For Aristotle, philia is a goodwill for the other, philia is a quality or a virtue to discover. And what better concept than this idea of friendship can summarize Jameson's worldview? Archeology consists of archae (ancient, beginning) and logy (study of). And it is here that the nature of utopia-logy in Jameson's work can be discovered in close affinity with friendship.
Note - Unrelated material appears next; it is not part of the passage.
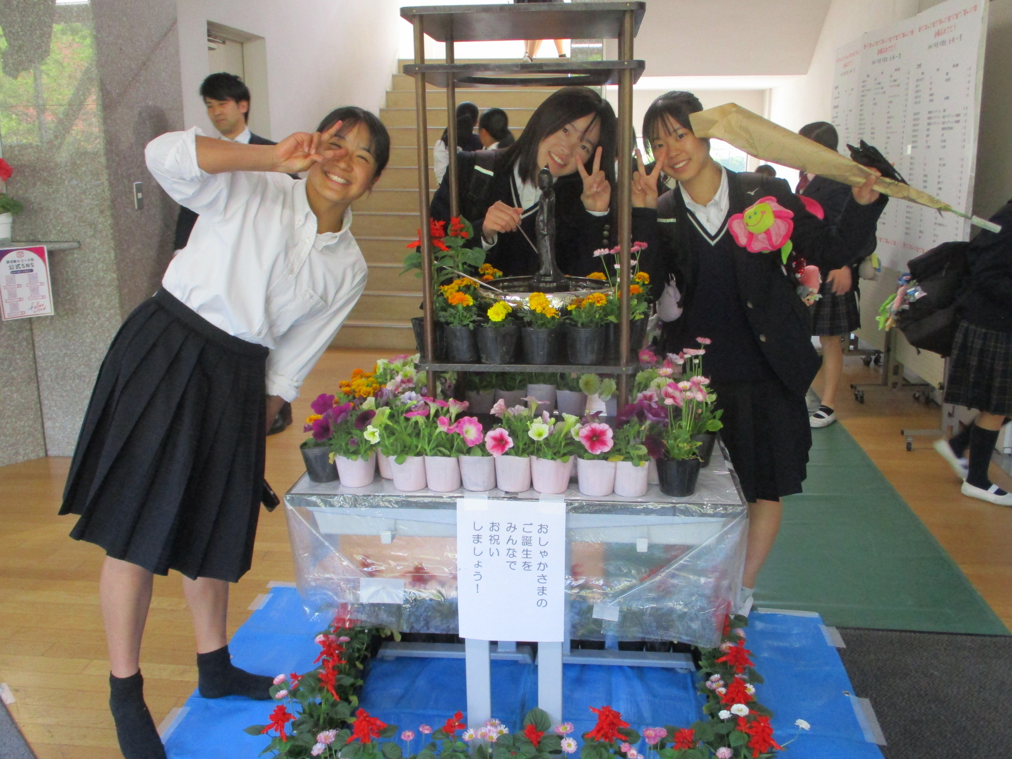この日は、生徒が一輪ずつの花をもって登校してくることろから始まります。

Relationship to other as other, the other in its absolute otherness, is to think out of archae (from the Greek arkhaios, itself derived from arkhe), out of the present of today, in order to break the cycle of reproduction of sameness. Jameson argued that our contemporary understanding of time has become increasingly linear and deterministic, often leading to a sense of inevitability regarding social and political outcomes. Time goes by without actually making a change. This weakening of historicity practically paves the way for a different form of repression in which nothing remains for the subject except to believe in the mirage of liberation and freedom, and this causes one to no longer imagine the parallel, because one believes that everything is as it should actually be. For this reason, it is imperative to follow Jameson's call, his philia for the other present that is our coming future, to understand "the systemic, cultural, and ideological closure of which we are all in one way or another prisoners". (4)
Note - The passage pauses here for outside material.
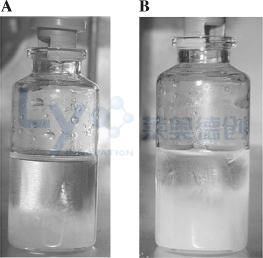在两步冷冻过程中,由于小瓶中的配方首先被冷却至-10°C(高于冰核温度)并达到平衡,因此产品在整个溶液中保持过冷状态。当搁板温度快速下降时,发生快速冻结(图2A),在整个溶液中形成相对均匀的冰(图2B)。

The psychological framework of utopia is predicated on the notion that the communication link among future, present, and past has been severed, as meaning is derived from the continuation of the deterioration trajectory. Jameson's radicalism offers an alternative perspective on the essence of utopia, inventing a new possibility of ex-sistence.
“There are sores which slowly erode the mind in solitude like a kind of canker,” once wrote Sadegh Hedayat, the celebrated Iranian modernist author. (5) So far as our world is concerned, Jameson was fully aware of these sores and their ultimate root, and perhaps now it is up to us to continue the recognition and surgery of these lesions.
NOTES
1. Jameson, Fredric, Marxism and Form: Twentieth Century Dialectical Theories of Literature, Princeton: Princeton University Press, 1971, p.111.
2. Jameson, Fredric. “World Reduction in Le Guin: The Emergence of Utopian Narrative.” Science-Fiction Studies 7 (1975): 221-230.
3. Nancy, Jean-Luc, “‘The End of Philosophy and the Task of Thinking’”, Philosophy World Democracy, 30 July 2021, https://www.philosophy-world-democracy.org/other-beginning/the-end-of-philosophy
4. Jameson, Fredric, Archaeologies of the Future: The Desire Called Utopia and Other Science Fictions, London & New York: Verso, 2005, p. 289.
5. Hidāyat, Ṣādiq, The Blind Owl, Trans. D. P. Costello. New York: Grove Press, 1957, p.1.